If you are looking for my textbook Writing for Statistics and Data Science here it is for free in the Open Educational Resource Commons. Wri...

Wednesday 22 August 2018

Draft Pairing Tournament Format

Worst-vs-first pairing structures for playoffs are designed to reward teams for doing well in the regular season. Sometimes this backfires. A better system would be a 'pairing draft' in which teams choose their first-round playoff opponents in order of regular season ranking.

Give me a few minutes to convince you.

Consider the following two-stage tournament setup:

The first stage is some balanced system to establish a ranking, such as a round-robin or a regular season schedule. These rankings are used to determine who goes on to the second stage, which is a collection of head-to-head eliminations. These rankings also determine which competitors play against each other in the first round of eliminations using 'first vs worst' setup, where the first team plays against the worst (qualifying) team.

This general setup describes the regular and playoff seasons respectively of the NHL NFL, CFL, MLB, MLS, and NBA. The two stages in this setup also describe the round robin and elimination stages respectively of the FIFA World Cup, and many Olympic tournaments.  a lot of competitions outside the North American Majors like UEFA which is a round-robin followed by elimination.

Each of these had their own quirks like divisions, wildcards, and reseeding, but the primary goal of the elimination bracket is the same in all of them: Reward merit by pitting top teams against teams that qualified by the smallest margins.

This isn't just a scheme to maximize inequality in sports, it's a deliberate structure to incentivize competitors to win every match even when they have already performed well enough to guarantee/clinch a spot in the elimination structure. It provides stakes for competitors to play for, at least most of the time.

However, on occasion, these seeding systems actually work to incentivize losing.

The notorious badminton case.

Consider the case of badminton at the 2012 Olympics in London.

To quote Justin Peters of Slate from This article ( https://slate.com/culture/2012/08/badminton-scandal-olympics-2012-why-were-those-olympic-badminton-players-trying-to-lose-and-why-is-the-sport-so-dirty.html )

“...one of China’s two women’s doubles teams—Zhao Yunlei and Tian Qing—lost to Denmark’s Christinna Pedersen and Kamilla Rytter Juhl by the score of 22-20, 21-12.

That shocking result meant the two Chinese teams, the tournament favorites, would meet in the semifinals of the knockout round rather than the gold-medal game, depriving China of the chance to win both gold and silver.
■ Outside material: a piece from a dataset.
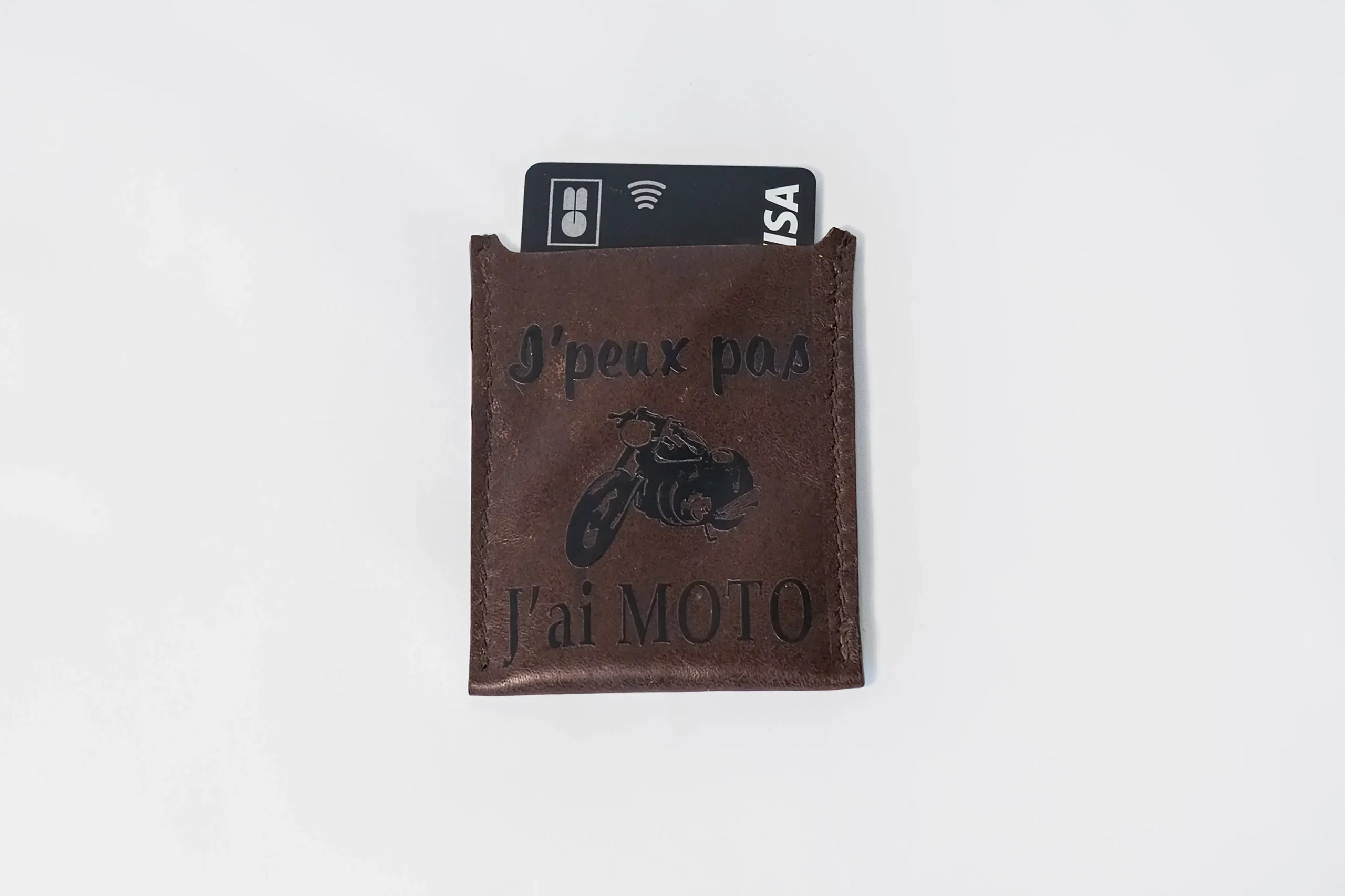 porte-carte simple floqué "J'peux pas j'ai moto"-Pau de Cuir-Pau-Maroquinerie artisanalePorte-carte « J’peux pas j’ai moto »

China’s only hope of putting two teams in the finals, then was for the country’s other team of Wang Xiaoli and Yu Yang to lose, thus pushing themselves to the opposite side of the bracket.
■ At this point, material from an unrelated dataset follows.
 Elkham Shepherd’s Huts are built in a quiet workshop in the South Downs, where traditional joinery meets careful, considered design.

Once their South Korean opponents saw what the Chinese were up to, they decided it was also in their best interest to lose, that a defeat would give them better medal-round matchups as well.”
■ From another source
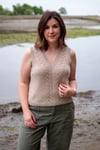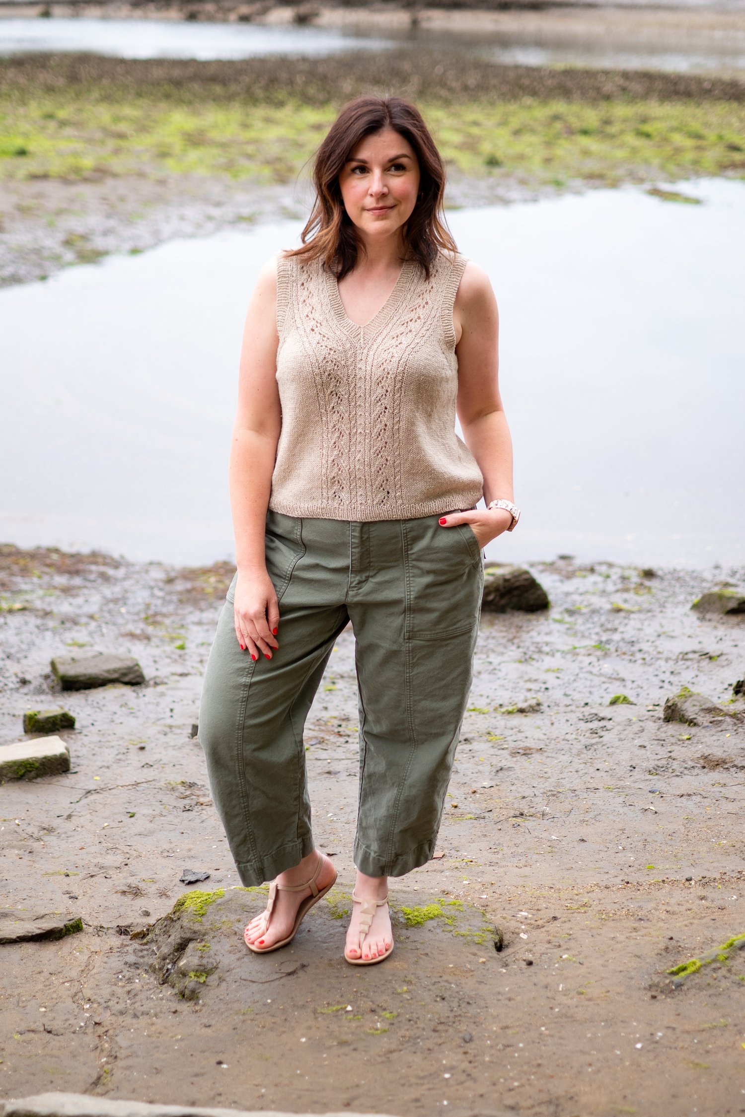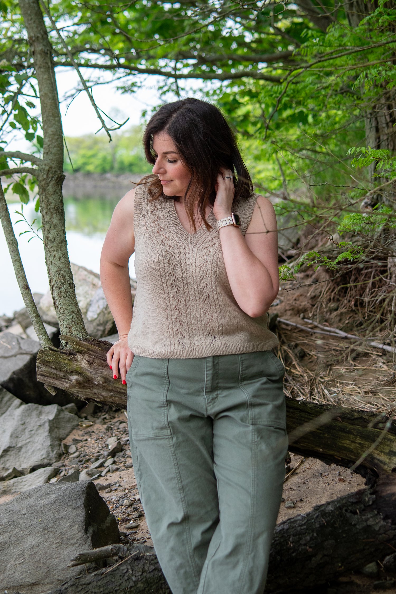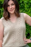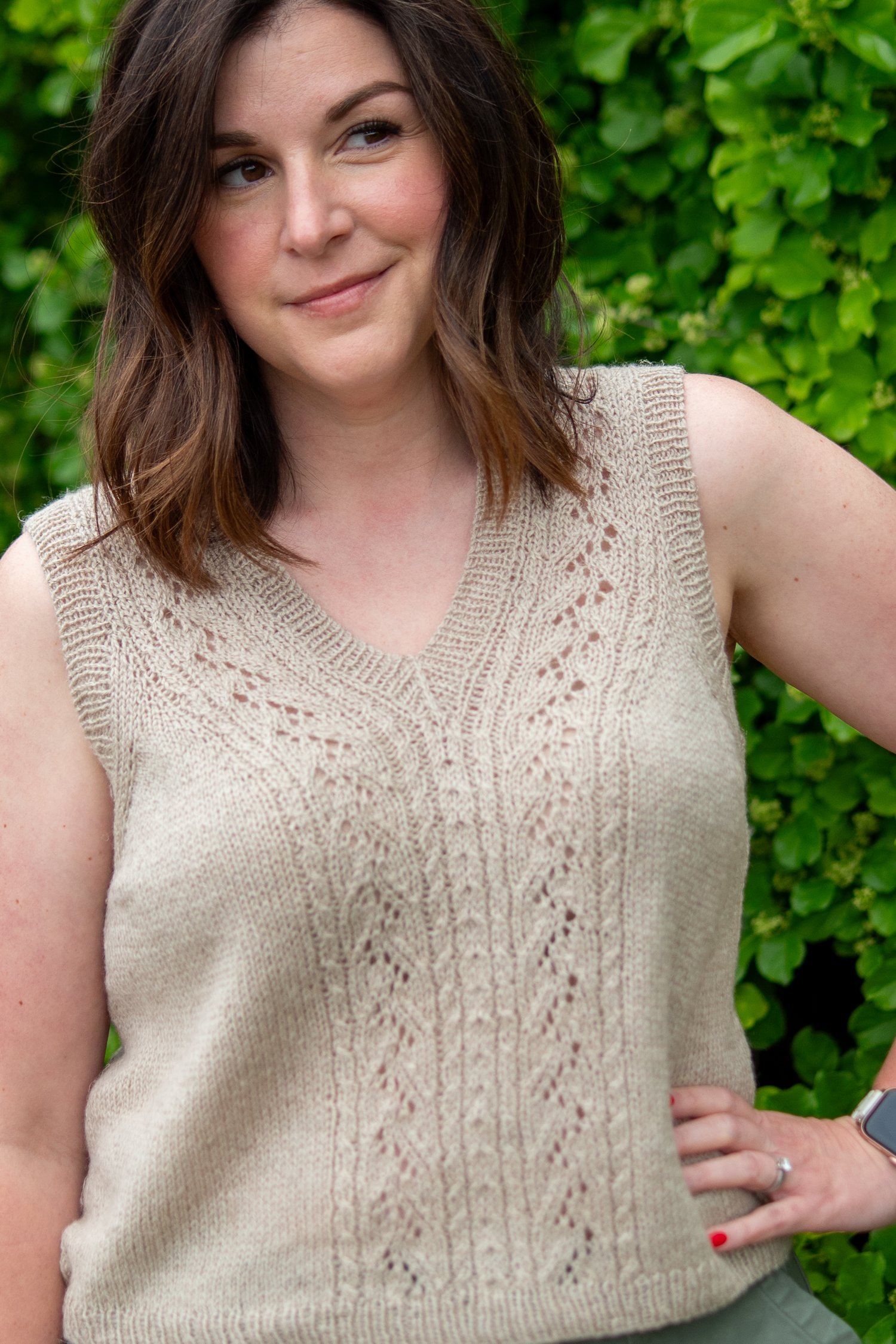 Summer Session is a V-neck tank worked from the top down. The back neck is cast on and shoulder shaping rows are worked before continuing to work flat to the arm opening depth. Left and right front shoulders are picked up and worked flat with shaping for the neckline and then for the armholes. Fronts and back are joined to work the body in the round. The tank features a lace motif worked from top to bottom on the front. Hem, armholes and neckline are finished with a 1x1 rib trim.

Official Results: https://www.olympic.org/london-2012/badminton

Video clip: https://youtu.be/JSxnQ-tgE3g

The key points are:

1) All four teams involved in intentionally trying to lose had already qualified for the next round, and were just playing to determine seeding.

2) There was a rational incentive for each of these teams to lose because a surprise result earlier.

3) All four teams were disqualified for poor sportsmanship despite technically doing their best to win the tournament.

Why did this happen? What failed in the system to produce such a perverse incentive of this magnitude at this level of sport?

Essentially there was a disconnect between one team, China's, latent ability (their expected performance on average), and their manifest performance (what actually happened). These ‘first vs. worst’ seeding systems only works as an incentive when the latent and manifest skill levels are close.

What could have happened differently to avoid this Fiasco?

China could have won their game against Denmark, keeping the incentive structure in line with the spirit of the game. But over enough games, upsets are inevitable.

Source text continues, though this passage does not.